Он останавливается у высокой стены портового склада, на месте которого когда-то начинались домики прибрежной деревянной слободки и стоял маленький, как скворечник, дом престарелого учителя. Обшитое дощечками от тарных ящиков, крытое искусно расплющенными жестяными банками из-под селедки, жилье учителя стояло за оградой из палок, обтянутых серыми полуистлевшими кусками невода, на которых кое-где еще торчали стеклянные шары в веревочном сплетении – поплавки. Лохов толкнул легкую калитку, свободно висевшую на петлях из старых резиновых калош, и направился к домику. Сквозь радужные стекла единственного окна видно было равнодушное, замшелое лицо Архимеда Степановича. Оно теперь показалось бы старому Лохову обыкновенным, ничем не примечательным лицом пожилого человека, но тогда, молодым, Лохов содрогнулся, увидев, какую зловещую работу проделал невидимый беспощадный гример, подготавливая старика к известному уже Лохову последнему перевоплощению человека.

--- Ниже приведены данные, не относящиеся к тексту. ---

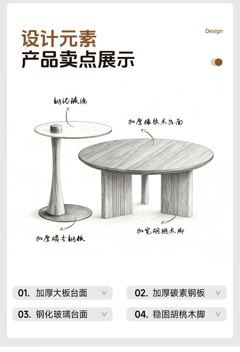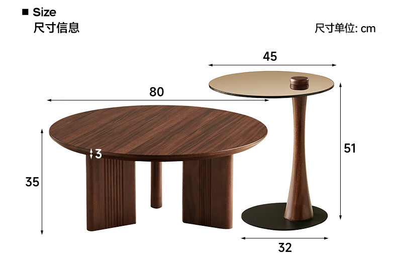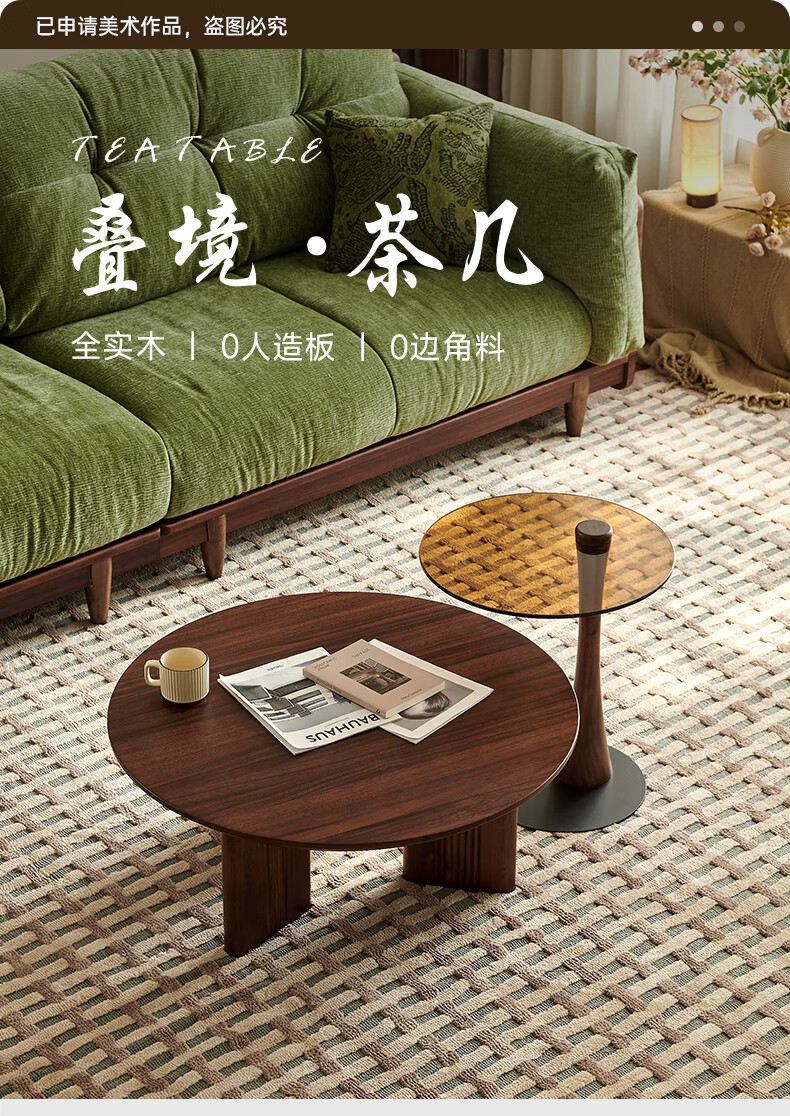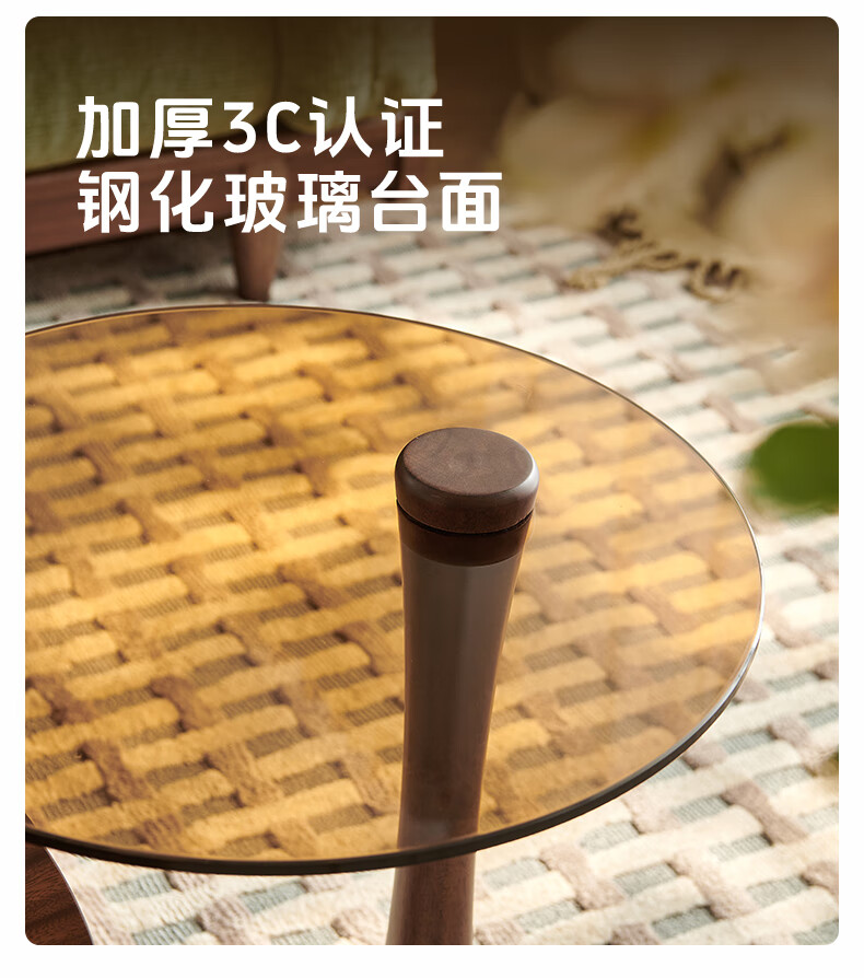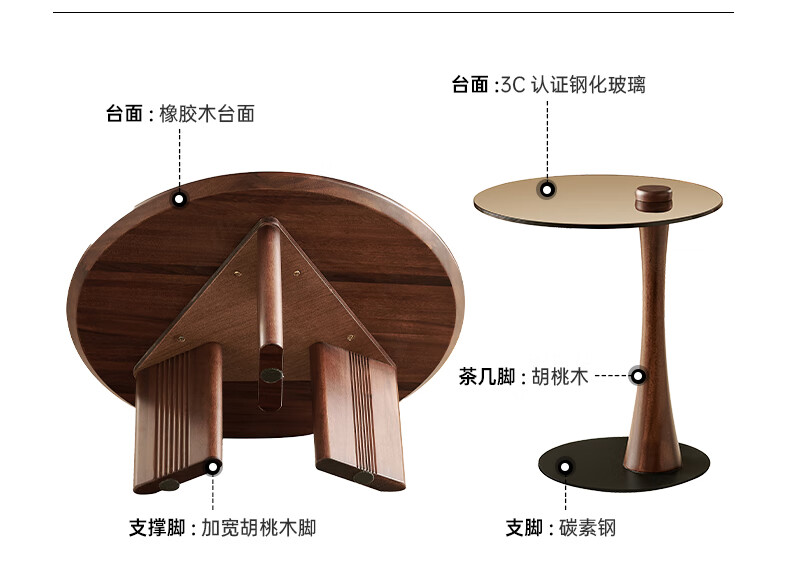 帕沙曼实木茶几客厅意式轻奢茶台橡胶木胡桃色茶桌大小组合圆几MJ101-Q 【胡桃木腿】0.45米 边几 设计师新款

Много незаметных лет назад, до сей встречи, это был крепкий, с жилистой шеей, пожилой человек со снежной сединой в волосах, однако с темными воинственными бровями. Теперь же Лохов увидел перед собою некую странную личину с беззубым ртом и словно выдранными там и сям седыми клоками недельной щетины на подбородке. Шея, далеко торчавшая из ворота старой клетчатой рубахи, была исчеркана бороздками морщин, словно глубокими шрамами. Лохову, еще не отошедшему после смертной Голгофы матери, старость казалась отвратительной, как некое переходное состояние человека между жизнью и смертью; не замечал он, как смотрит на него с усмешкою, стоя совсем рядом, но из другого времени Лохов-старик, который забыл, о чем говорил ему Архимед Степанович вечность тому назад здесь же, на этом месте, лишь кирпичная стена портовой ограды, да песок, застрявший в щелях кладки и выдуваемый оттуда ветром, да шуршание льдов на волнах смирного моря словно зачарованно повторяют отзвучавшие слова старого учителя.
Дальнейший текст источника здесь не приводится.